Это из первого стихотворения. А в "Письме" он сам весь нараспашку, как в юные годы. И так же нетерпелив, так же вздыблен. И тут любовь-"ревность" напоминает грозу "в небесной драме" и "в черном небе молний поступь...". Сила страсти и её бессилие, ревность и достоинство, боль и радость возвышают эти строки над обыденностью.
Ты не думай,
щурясь просто
из-под выпрямленных дуг.
Иди сюда,
иди на перекресток
моих больших
и неуклюжих рук.
Не хочешь?
Оставайся и зимуй,
и это
оскорбление
на общий счет нанижем.
Я все равно
тебя
когда-нибудь возьму -
одну
или вдвоем с Парижем.
Яковлевой не нравилось, что он читал стихи в русском обществе Парижа: их отношения получили широкую огласку. И в то же время ей были лестны внимание и ухаживание знаменитого поэта. Уговоры Маяковского стать его женой и ехать в Москву она встретила уклончиво. Однако вопрос этот не был решен окончательно. Вернувшись в Москву, Владимир Владимирович почти тут же посылает Яковлевой первый том своих сочинений с такой надписью: "Дарю моей мои тома я. Им заменить меня до мая". (В мае он собирался снова ехать во Францию.) Из Москвы в Париж летят телеграммы, письма - просящие, умоляющие, нежные, требовательные... "Твои строки - это добрая половина моей жизни вообще и вся моя личная жизнь". В ответ на письмо Яковлевой: "Что ты пишешь про новый год? Сумасшедшая! Какой праздник может быть у меня без тебя. Я работаю. Это единственное мое удовольствие". "Я бросил разъезжать и сижу сиднем из боязни хоть на час опоздать с чтением твоих писем. Работать и ждать тебя это единственная моя радость".

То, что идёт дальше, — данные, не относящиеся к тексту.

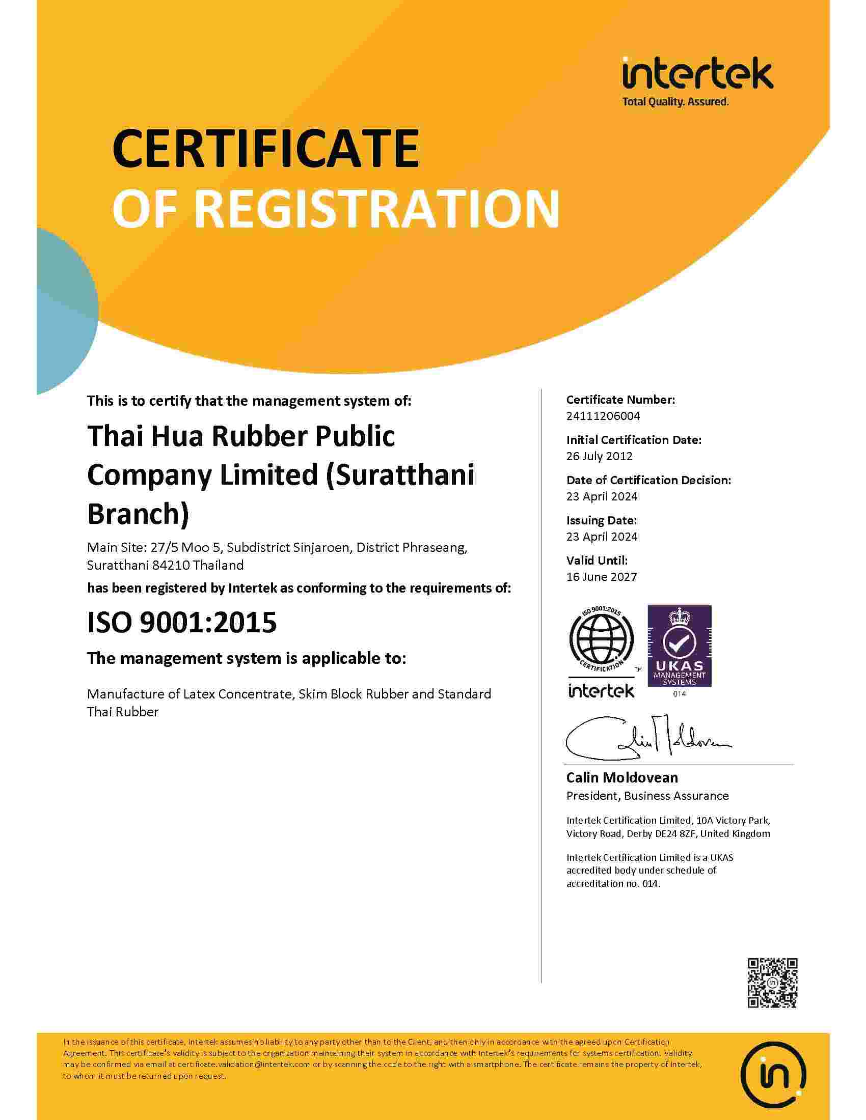 | LAT | Surat Thani(ISO 9001:2015) | BN4 | 16/06/2027 | View | |

В другом письме: "Я не растекаюсь на бумаге (профессиональная ненависть к писанию), но если бы дать запись всех, моих же со мной же, разговоров о тебе, ненаписанных писем, невыговоренных ласковостей, то мои собрания сочинений сразу бы вспухли втрое и все сплошной лирикой".

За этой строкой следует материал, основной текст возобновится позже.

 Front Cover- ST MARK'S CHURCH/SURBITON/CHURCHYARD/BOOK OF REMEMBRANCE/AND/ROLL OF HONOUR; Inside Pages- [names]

И уже готовясь к новой поездке во Францию, пишет:
"Подумай и собирай мысли (а потом и вещи) и примерься сердцем своим к моей надежде взять тебя на лапы и привезть к нам, к себе в Москву. Давай об этом думать, а потом говорить. Сделаем нашу разлуку проверкой. Если любим - то хорошо ли тратить сердце и время на изнурительное шаганье по телеграфным столбам?"
Маяковский в письмах очень откровенен. Все прошлые увлечения для него - в прошлом, им уже нет места в сердце поэта, он увлечен Яковлевой искренне, сильно... В письмах ни разу не сказано: "Люблю..." Но - "если любим..." - говорит о том, что слово это могло звучать во время их встреч. По крайней мере, из уст Маяковского.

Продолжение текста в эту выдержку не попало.